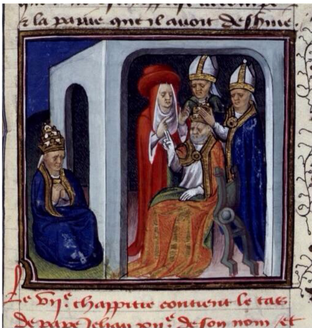
Іл. 5. Коронування Лева (Леона). Дж. Бокаччо «Про нещастя знаменитих людей», 1435–1140, Ліон. Français 229, fol. 367. Національна бібліотека Франції. [URL : http://visualiseur.bnf.fr/Visualiseur?Destination=Mandragore&O=10525132&E=739&I=26739&M=imageseule ]
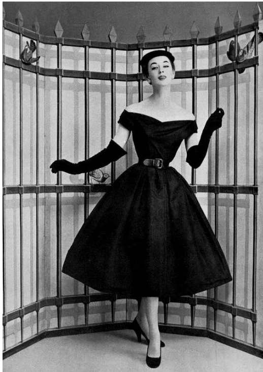
Slika 2. Christian Dior 1947.
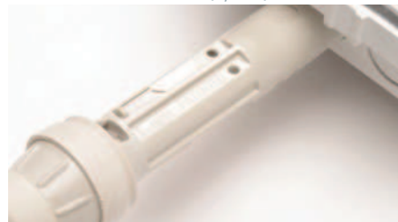
MPM® CRET 3 POLES IP65 (option)
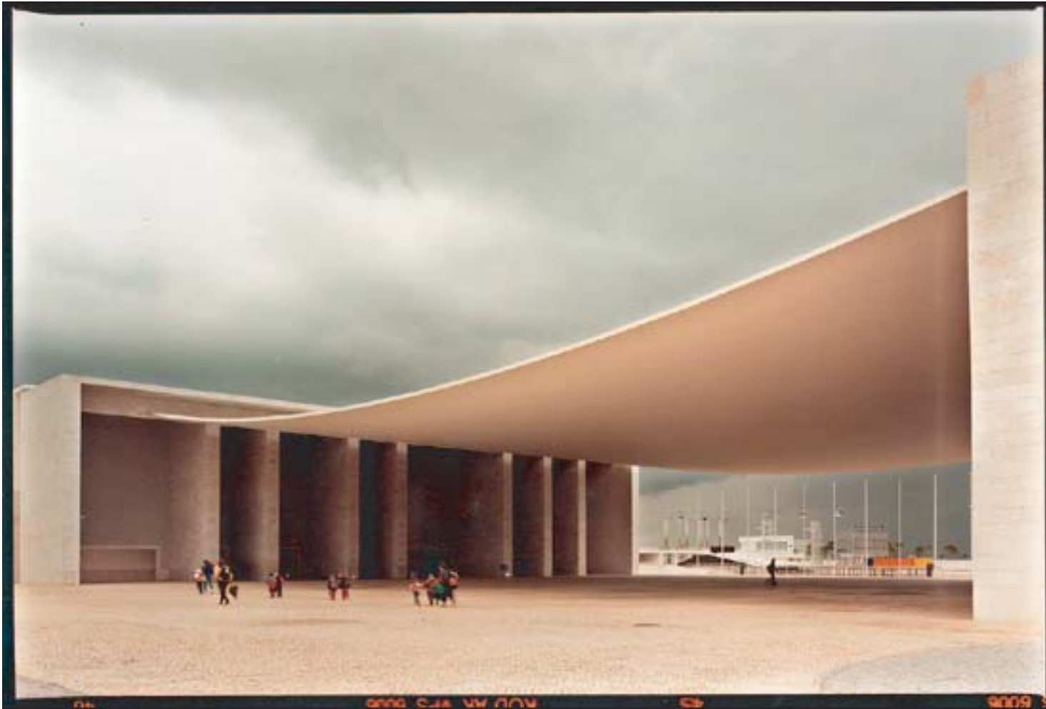
Álvaro Siza Vieira: padiglione del Portogallo all'Expo 98, Lisbona
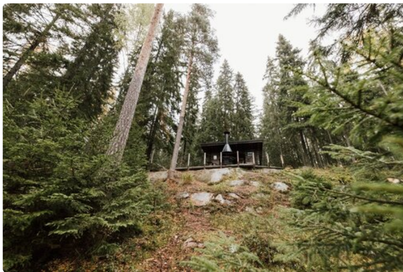
Kukuljärven idylliä rantamaisemaa.
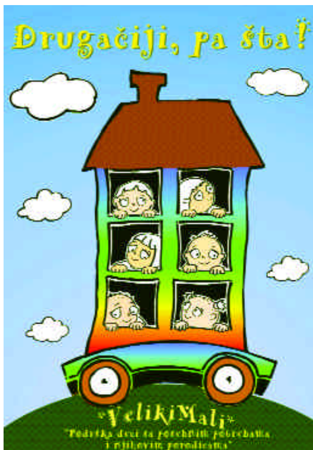
Maja Veselinović, idejno rešenje za plakat u okviru kampanje „VelikiMali” - „Drugačiji, pa šta!”

Iz Konvencije o pravima deteta napravili smo izbor članova ili njihovih delova koji, po našem mišljenju, zavređuju da budu posebno istaknuti zbog svog značaja za decu sa smetnjama u razvoju. Čitajući ovaj priručnik, u svakom poglavlju moći ćete da se upoznate sa nekim od odabranih članova, koji će, radi lakšeg prepoznavanja, biti uokvireni i istaknuti ružičastom bojom.

> TASK TO CARRY OUT
Make an exact copy of the lines above, beginning with the line with "Kukuljärven idylliä rantamaisemaa." and ending with the line with "Maja Veselinović, idejno", and keep the pictures out of it.

> RESPONSE BELOW
Kukuljärven idylliä rantamaisemaa.
Maja Veselinović, idejno rešenje za plakat u okviru kampanje „VelikiMali” - „Drugačiji, pa šta!”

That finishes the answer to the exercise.